Sorry if this is in the wrong section. 

Anyway, I was at an art store today (also my birthday today!) and I saw this on the shelf:

http://s1219.photobucket.com/albums/dd437/Sajid3214/?action=view&current=IMG_0002.jpg

I thought it was pretty cool, but I didn't know this kind of stuff existed, and was so widely distributed. It felt kind of weird seeing it at an art store next to all the other drawing guides. 
have any of you seen something like this, and what are your thoughts on this?


----------



## Dokid (Jun 19, 2012)

I...was given this book as a present. The drawings are meh at best. They're well done but the style isn't really my cup of tea. Otherwise this guy also does "how to draw anime,cartoons, etc."


----------



## Kane morioka (Jun 20, 2012)

if your suprised dont feel bad i was surprisedwhen i found out about furries bout three or four years ago so uh yeah this stuff is produced


----------



## Mullerornis (Jun 20, 2012)

They look animu.


----------



## I Am That Is (Jun 20, 2012)

Its not that I was surprise that furrys exist lol, its that I was surprised that a book on something that many people consider some weird fetish is published and spread widely, and put on the shelf next to all the other drawing books. It felt kind of out of place.


----------



## Dreaming (Jun 20, 2012)

Ooh, that's kinda interesting. Did it say who the author/illustrator was?


----------



## Punk Jax (Jun 20, 2012)

Ack, no try not to bother with IMPACT brand how to draw books. They're not at all very good, with the exception of one or two.

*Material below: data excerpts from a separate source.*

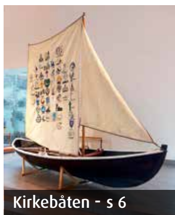
Kirkebåten - s 6
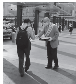
会長による街頭啓発の様子（松本駅前）
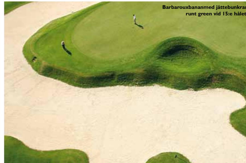
Barbarouxbanan med jättekunrar runt green vid 15:e hålet.

En av många duktiga golfspelare rekommenderar parkbanorna Opio-Valbonne, Old Course i Mandelieu, Saint Donat och Sainte-Andreol. Out of Bounds har paketresor till både Sainte-Andreol, Saint Donat och Barbaroux banan längre upp i bergen. www.outofbounds.se
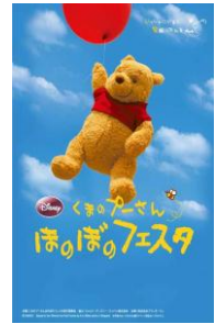
Based on the "Winnie the Pooh" works by A.A. Milne and E.H. Shepard.

◇ お問い合わせ先：くまのプーさん ほのぼのフェスタ事務局 TEL:03-6712-0221
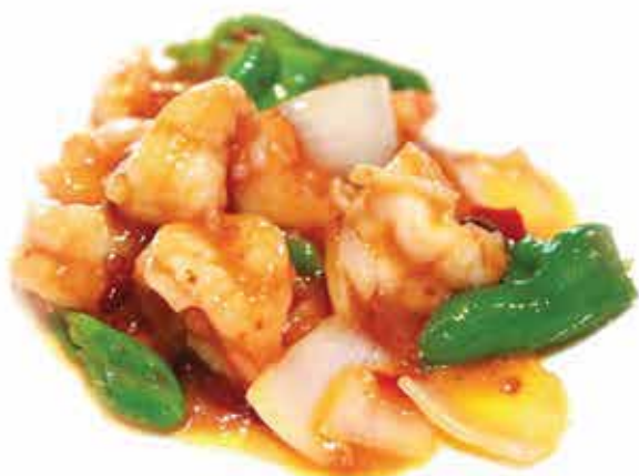
229. Gamberi spicy 🌶️ max 1 porzione allergeni: 1,2*
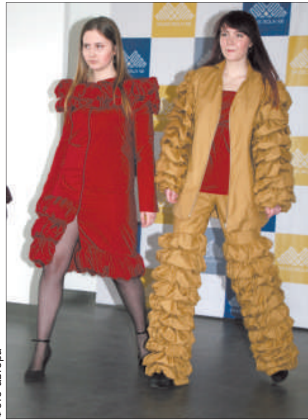
Коллекция «Полет пчелы».
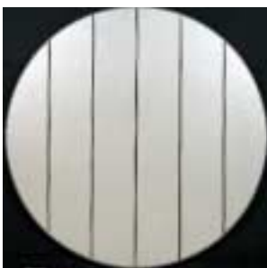
桑山忠明《Silver》 1974年 千葉市美術館蔵

モノクローム絵画。単一の色彩が塗られているだけで何も描かれていない極めてシンプルな絵画です。一見すると無表情なモノクローム絵画は、実は非常に繊細かつ静謐で、独特の美しさをそなえています。本展では、千葉市美術館の所蔵品から桑山忠明と村上友晴を中心に作品を選び、作家毎に多彩で豊かな表情を見せるモノクローム絵画の魅力を探ります。
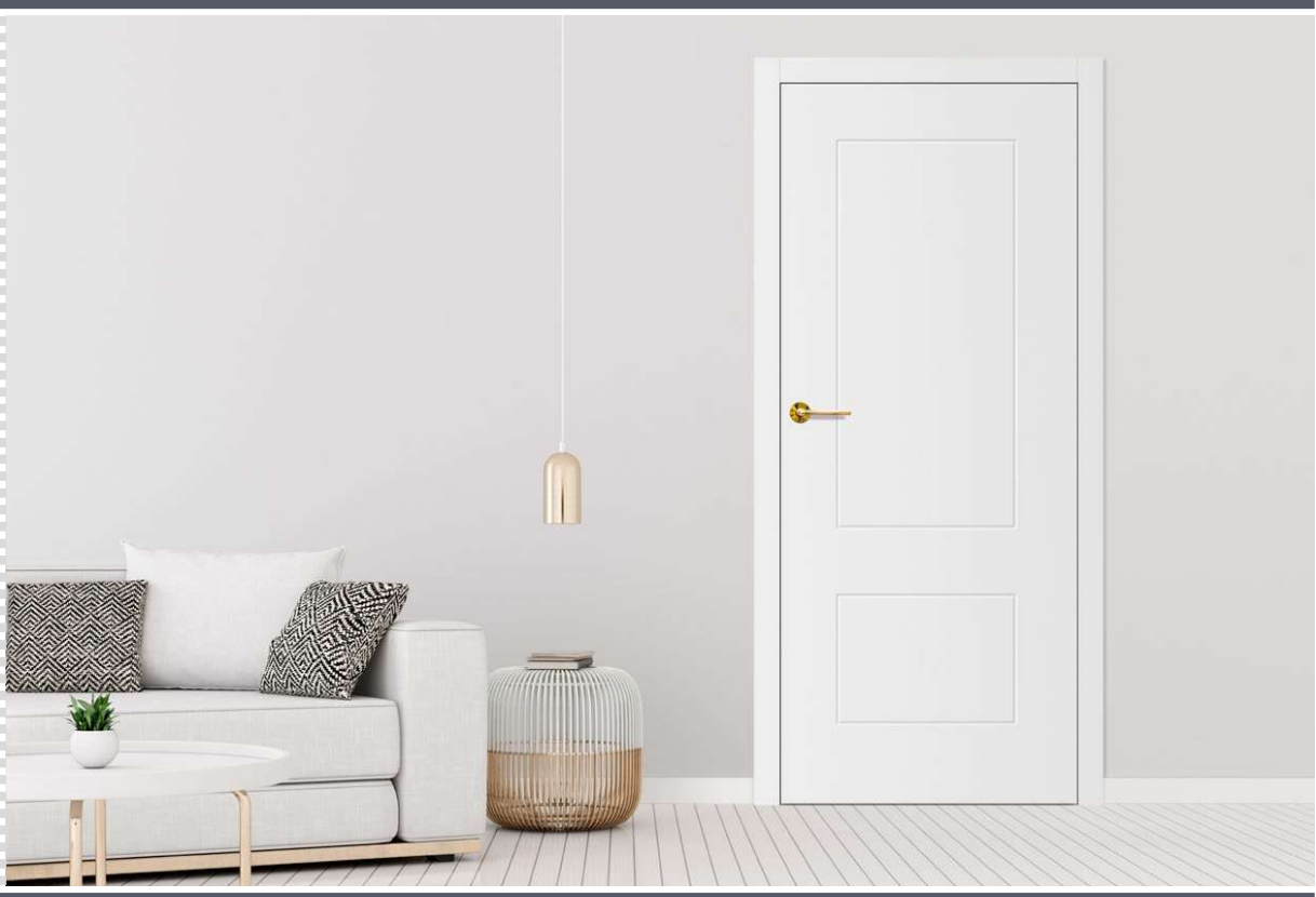
ANUBIS 2, kvaka BELLA slim sjajni mesing

The book is cowritten by Lindsey Cibos who is a good artist, but isn't all too good at explaining things it seems.

But yeah, there are quite a few books that say "How to draw furries!" on the cover while missing the point that furry anatomy is mostly human anatomy. Christopher Hart has made a book on it, too, which is even worse (as are all the things he does).


----------



## Teal (Jun 20, 2012)

I've flipped through that book before. Not too bad, but definatly not worth $35. I also looked through the Christopher Hart one. I wish I hadn't. -_-


----------